Momen Benda Pusaka Kiai Bicak Bantu Mataram
indoarkeologi.xyz – KERAJAAN MATARAM dan Pajang konon berperang di kawasan sekitar Candi Prambanan. Mataram dipimpin oleh Panembahan Senopati, sedangkan pasukan Pajang dipimpin oleh Sultan Hadiwijaya langsung. Pajang mengerahkan pasukan gabungan, juga pasukan dari Tuban dan Banten, yang jumlah melebihi dari jumlah pasukan Mataram.
Konon sebelum pengumpulan pasukan itu, sidang agung digelar di Istana Pajang. Persidangan agung di Istana Pajang disodorkan oleh para menantu raja, didalam perihal ini Tumenggung Tuban dan Tumenggung Demak untuk memutuskan apakah Pajang perlu langsung menyerbu Mataram.
Meskipun tahu akan jatuhnya Pajang nanti, Sultan Hadiwijaya tidak mampu bertahan pada desakan itu, dan memerintahkan langsung mengangkat senjata. Para tumenggung tunjukkan bersedia, asalkan sultan turut serta, walaupun berada di belakang barisan.
Sebagaimana dikutip dari “Awal Kebangkitan Mataram : Masa Pemerintahan Senapati” dari H.J. De Graaf”, keputusan pun akhirnya diambil, Sultan Pajang yang mulanya melunak dengan Mataram, akhirnya beralih dan menggaungkan peperangan. Sikap Sultan Pajang beralih gara-gara desakan dari dua menantunya, untuk menyerang Mataram.
Sultan Pajang juga memerintahkan para bupati di tempat perbatasan untuk dikumpulkan. Pengumpulan itu menolong suplai pasukan dan logistik melawan Mataram. Tak kurang 10.000 orang prajurit Pajang dipersiapkan, Pangeran Benawa naik kuda di belakang ayahnya yang duduk di atas gajah. Di Prambanan mereka berhenti dan memperkuat pertahanan dengan meriam.

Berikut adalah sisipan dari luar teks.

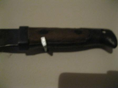 - Baioneta. Modelo tipo puñal para máuser alemán Segunda Guerra Mundial en madeira e ferro; folla dun só fío.
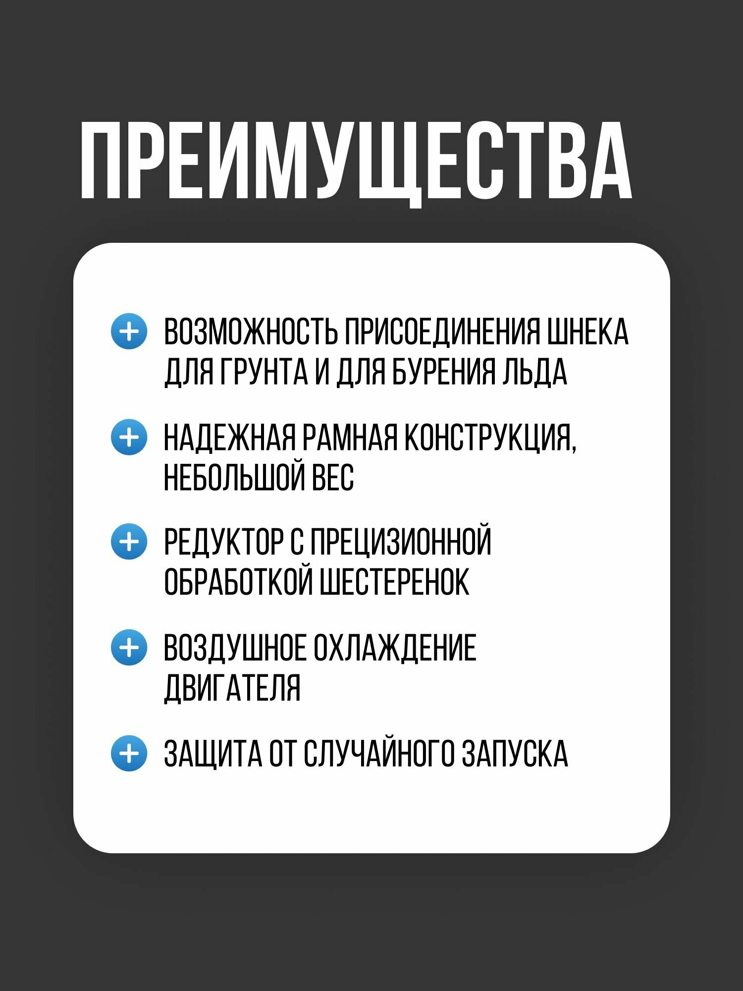 | Минусы: | Разработчики не удосужились переделать глушитель, движок как есть от бензотриммера, соответственно выхлоп вверх в лицо. Установлен экранчик якобы меняющий в сторону направление выхлопа, но в любом случае половина в лицо. при бурении вначале лицо сбоку - норм. когда погружаете бур в любом случае наклоняетесь над ним. поэтому встаете так чтобы ветер сдувал выхлоп и немного отворачиваете лицо и т.к. работа тяжелая, то на последнем этапе можно просто прервать дыхание на несколько секунд. |
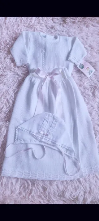 Precioso conjunto para bebé, ideal para bautizo o ceremonia. - Tejido blanco de punto. - Incluye vestido y gorrito. - Detalle de lazo rosa y puntilla.
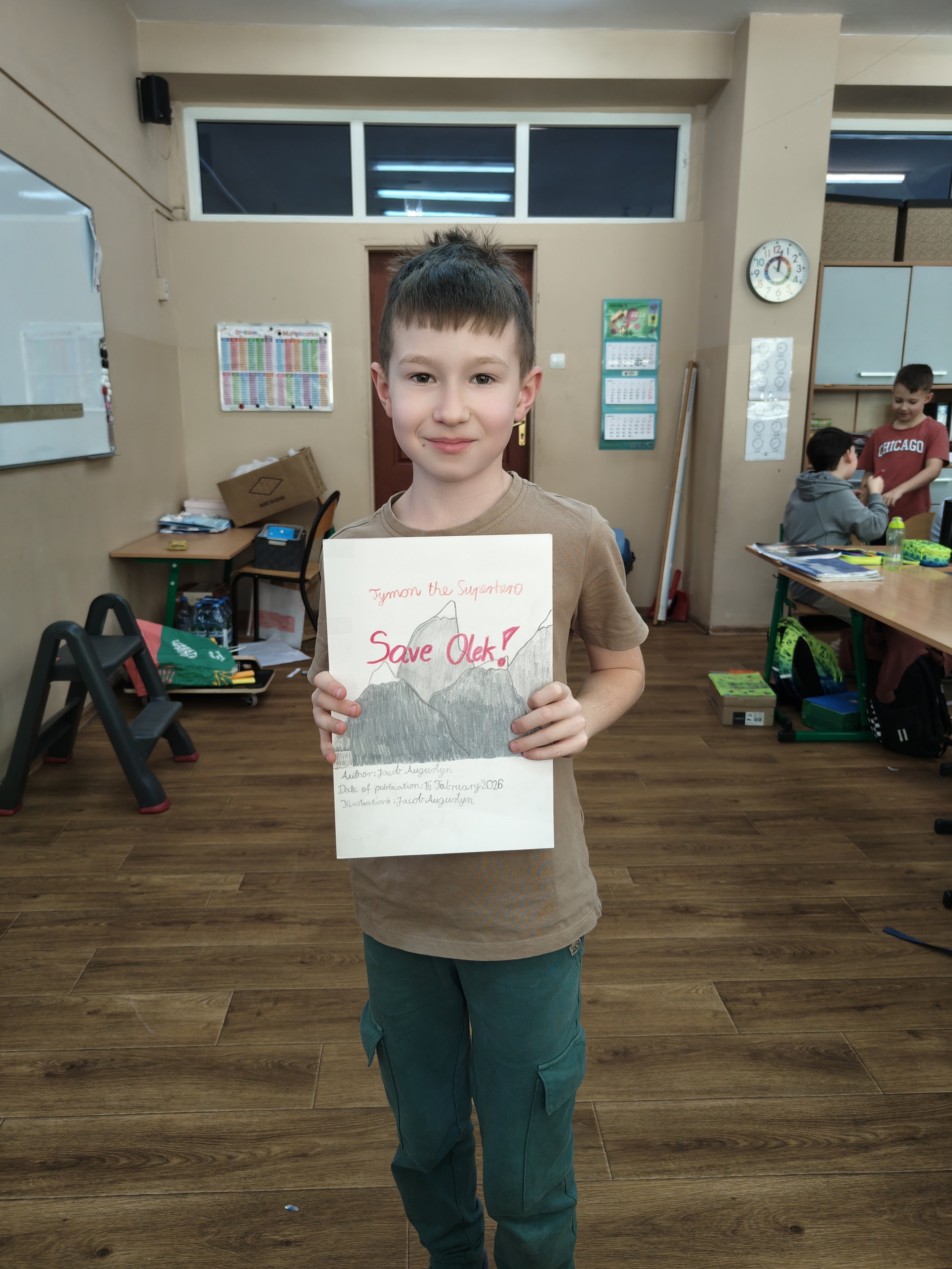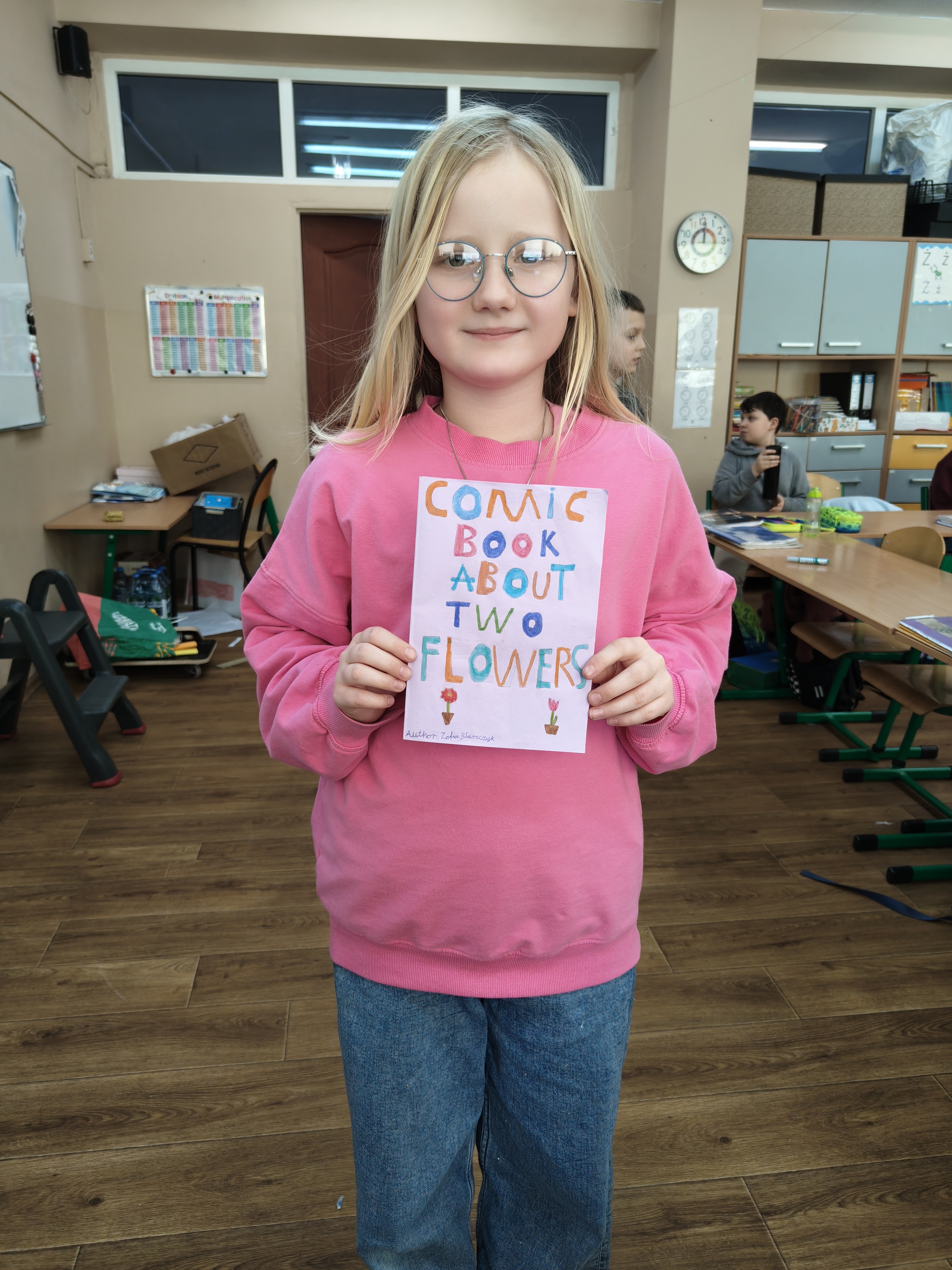 Uczniowie klas :3B, 3C i 3D wraz z Panią Anitą podjęli się wyjątkowego zadania! Samodzielnie stworzyli komiksy na wybrany przez siebie temat. Zaprojektowali okładki, stworzyli dialogi w języku angielskim i zilustrowali ich treść. Komiksy trafiły do szkolnej biblioteki, gdzie każdy uczeń może je wypożyczyć i przeczytać."
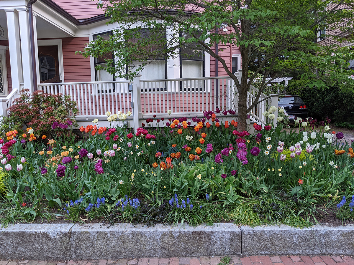 it was so hot i changed into a pair of shorts before leaving for belmont, first time wearing shorts this year. it definitely felt more summer than spring. on linnaean street i caught a glimpse of an old 3-speed bicycle somebody had thrown out. i was tempted to check it out, but the logistics of getting it home was too complicated so i didn't bother. by the time i made it to my parents' place, i was a sweaty mess. i noticed that neighbor's house we saw last week (listing for over $1 million) already had a sign on the front lawn saying "sales pending." that was quick! i wonder if there was any kind of bidding war, and if the buyer will tear down the old house or just do some light renovation?
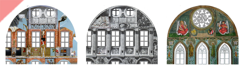 Links die Version von Prechtl, in der Mitte der Zustand bis 1945 (mit vier eingebauten Farb-Dias von 1944) und rechts die recherchierte Dürer-Version.
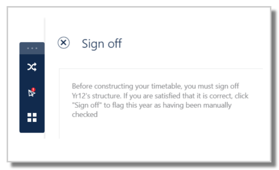 This can also be done in 'Classes > Year Structure'. Click on the arrow in the blue tab on the right hand side of the screen and select > Sign Off'.
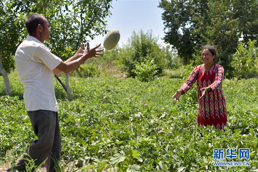 6月23日,新疆喀什地區(qū)巴楚縣的瓜農(nóng)在采摘成熟的留香瓜。新華社記者 丁磊 攝

Kiai Adipati Mandaraka atau Ki Juru Martani, penasehat politik Senopati, yang lihat potensi terjadinya pertempuran besar, mendesak Senopati sehingga pergi ke Gua Langse atau Gua Roro Kidul. Sementara ia sendiri akan pergi ke Gunung Merapi untuk memohon bantuan. Setelah lagi dari Gua Langse, Senapati mengumpulkan 1.000 orang prajurit, 300 di antaranya di meletakkan di sebelah selatan Prambanan.
Mereka mendapat perintah, begitu terdengar suara letusan keluar dari Gunung Merapi, perlu langsung memukul canang benda pusaka Kiai Bicak dan berteriak-teriak, sebagai panglima di lapangan diangkat Tumenggung Mayang.
Pertempuran terjadi di dua tempat, pasukan Mataram pura-pura melarikan, tetapi orang – orang Pajang yang mengejarnya tiba-tiba diserang oleh pasukan Mataram dari dua arah dan diceraiberaikan. Gelap malam menghentikan pertempuran itu, ke-2 kubu lagi ke kubu pertahanan masing-masing.
Malam itu Gunung Merapi meletus di tengah-tengah kegelapan, hujan lebat, hujan debu, gempa bumi, banjir, dan gejala alam lain yang menyeramkan. Orang Mataram memukul canang Ki Bicak. Banjir menggenangi kubu Pajang, yang memaksa mereka melarikan diri didalam kebingungan, Sultan Pajang pun terseret didalam kekacauan itu.
Orang – orang Pajang, yang senang takhayul, tetapi mereka telah banyak kehilangan stimulus gara-gara terpukul di medan perang. Apalagi sesudah lihat alam mengamuk, kehilangan mirip sekali sisa stimulus juangnya dan lari tunggang langgang. Pasukan melimpah Kerajaan Pajang itu akhirnya kalah.